> _Aim of the exercise_: From the data below, set down exactly the lines between the one holding "This bingo card" and the one holding "被リンク獲得支援サービスにつ", inclusive, and no others.

> _Records supplied_:

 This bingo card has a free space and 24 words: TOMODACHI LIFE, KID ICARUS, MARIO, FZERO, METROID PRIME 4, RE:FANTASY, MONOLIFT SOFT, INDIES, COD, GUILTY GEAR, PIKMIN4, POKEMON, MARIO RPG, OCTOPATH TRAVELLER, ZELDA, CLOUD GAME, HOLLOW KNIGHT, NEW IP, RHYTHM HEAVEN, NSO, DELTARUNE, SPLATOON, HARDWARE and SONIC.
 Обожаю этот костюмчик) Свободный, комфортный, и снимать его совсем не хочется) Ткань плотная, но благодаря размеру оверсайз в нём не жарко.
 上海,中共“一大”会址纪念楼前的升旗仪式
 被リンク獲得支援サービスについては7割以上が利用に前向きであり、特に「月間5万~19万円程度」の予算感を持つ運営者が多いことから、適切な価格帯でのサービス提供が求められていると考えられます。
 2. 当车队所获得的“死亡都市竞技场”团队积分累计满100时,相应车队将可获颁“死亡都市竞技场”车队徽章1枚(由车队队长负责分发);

--

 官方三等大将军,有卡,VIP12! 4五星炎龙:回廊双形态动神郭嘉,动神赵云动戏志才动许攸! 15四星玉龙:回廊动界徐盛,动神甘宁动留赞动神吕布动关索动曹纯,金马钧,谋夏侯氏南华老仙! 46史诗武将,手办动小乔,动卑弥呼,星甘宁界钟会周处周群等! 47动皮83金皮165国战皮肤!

==

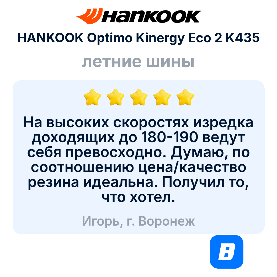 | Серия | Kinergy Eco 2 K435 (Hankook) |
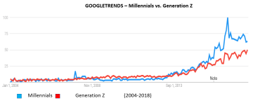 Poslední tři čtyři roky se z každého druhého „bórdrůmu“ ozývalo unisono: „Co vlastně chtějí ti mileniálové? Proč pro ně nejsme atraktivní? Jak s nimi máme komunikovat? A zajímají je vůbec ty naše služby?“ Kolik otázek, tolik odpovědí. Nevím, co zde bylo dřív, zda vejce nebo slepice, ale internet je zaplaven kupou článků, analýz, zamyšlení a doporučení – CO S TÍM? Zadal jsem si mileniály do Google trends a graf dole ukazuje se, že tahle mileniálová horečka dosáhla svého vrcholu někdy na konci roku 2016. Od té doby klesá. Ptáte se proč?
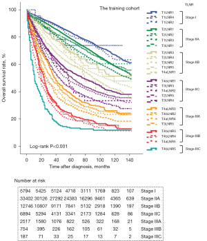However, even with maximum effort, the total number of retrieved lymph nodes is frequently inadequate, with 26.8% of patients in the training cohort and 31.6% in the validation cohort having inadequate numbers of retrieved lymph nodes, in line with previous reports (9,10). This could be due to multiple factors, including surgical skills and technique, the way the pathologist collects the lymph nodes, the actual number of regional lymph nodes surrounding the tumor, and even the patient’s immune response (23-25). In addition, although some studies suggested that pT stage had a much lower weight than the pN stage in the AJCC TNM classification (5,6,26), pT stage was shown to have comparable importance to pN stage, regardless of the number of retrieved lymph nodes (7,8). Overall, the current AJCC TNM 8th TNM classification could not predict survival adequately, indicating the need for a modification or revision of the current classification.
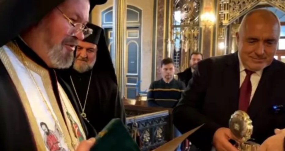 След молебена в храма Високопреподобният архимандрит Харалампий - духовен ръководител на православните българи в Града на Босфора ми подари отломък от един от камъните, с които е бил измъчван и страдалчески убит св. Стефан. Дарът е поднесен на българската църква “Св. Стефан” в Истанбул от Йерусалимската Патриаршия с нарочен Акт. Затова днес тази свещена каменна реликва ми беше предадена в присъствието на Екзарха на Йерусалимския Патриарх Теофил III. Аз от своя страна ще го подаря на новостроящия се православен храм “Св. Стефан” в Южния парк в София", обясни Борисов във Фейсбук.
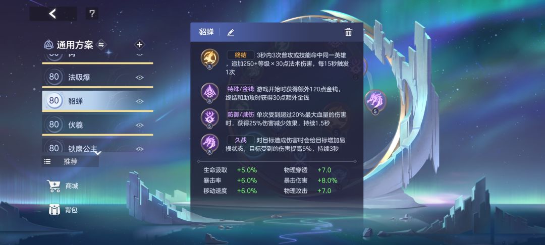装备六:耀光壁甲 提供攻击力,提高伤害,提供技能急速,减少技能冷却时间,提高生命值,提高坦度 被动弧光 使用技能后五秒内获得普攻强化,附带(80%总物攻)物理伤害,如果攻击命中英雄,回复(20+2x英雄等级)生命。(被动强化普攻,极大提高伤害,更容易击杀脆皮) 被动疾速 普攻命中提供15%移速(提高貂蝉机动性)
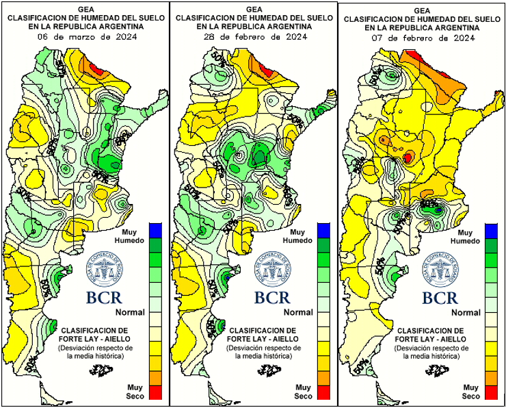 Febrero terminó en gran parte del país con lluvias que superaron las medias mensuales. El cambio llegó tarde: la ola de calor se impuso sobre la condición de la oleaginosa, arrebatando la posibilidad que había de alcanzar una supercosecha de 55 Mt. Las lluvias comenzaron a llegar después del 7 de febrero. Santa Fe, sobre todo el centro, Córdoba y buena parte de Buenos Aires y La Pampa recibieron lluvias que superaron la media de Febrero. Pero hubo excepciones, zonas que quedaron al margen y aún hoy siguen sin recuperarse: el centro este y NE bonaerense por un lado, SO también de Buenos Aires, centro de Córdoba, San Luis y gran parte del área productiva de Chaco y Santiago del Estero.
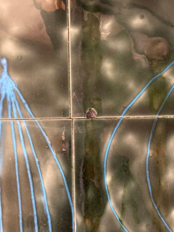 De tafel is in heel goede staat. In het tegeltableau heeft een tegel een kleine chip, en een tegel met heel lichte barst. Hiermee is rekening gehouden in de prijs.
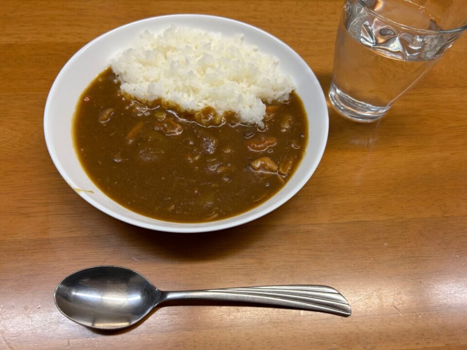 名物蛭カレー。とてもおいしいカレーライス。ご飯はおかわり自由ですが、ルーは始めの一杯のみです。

> _Answer section_:
 This bingo card has a free space and 24 words: TOMODACHI LIFE, KID ICARUS, MARIO, FZERO, METROID PRIME 4, RE:FANTASY, MONOLIFT SOFT, INDIES, COD, GUILTY GEAR, PIKMIN4, POKEMON, MARIO RPG, OCTOPATH TRAVELLER, ZELDA, CLOUD GAME, HOLLOW KNIGHT, NEW IP, RHYTHM HEAVEN, NSO, DELTARUNE, SPLATOON, HARDWARE and SONIC.
 Обожаю этот костюмчик) Свободный, комфортный, и снимать его совсем не хочется) Ткань плотная, но благодаря размеру оверсайз в нём не жарко.
 上海,中共“一大”会址纪念楼前的升旗仪式
 被リンク獲得支援サービスについては7割以上が利用に前向きであり、特に「月間5万~19万円程度」の予算感を持つ運営者が多いことから、適切な価格帯でのサービス提供が求められていると考えられます。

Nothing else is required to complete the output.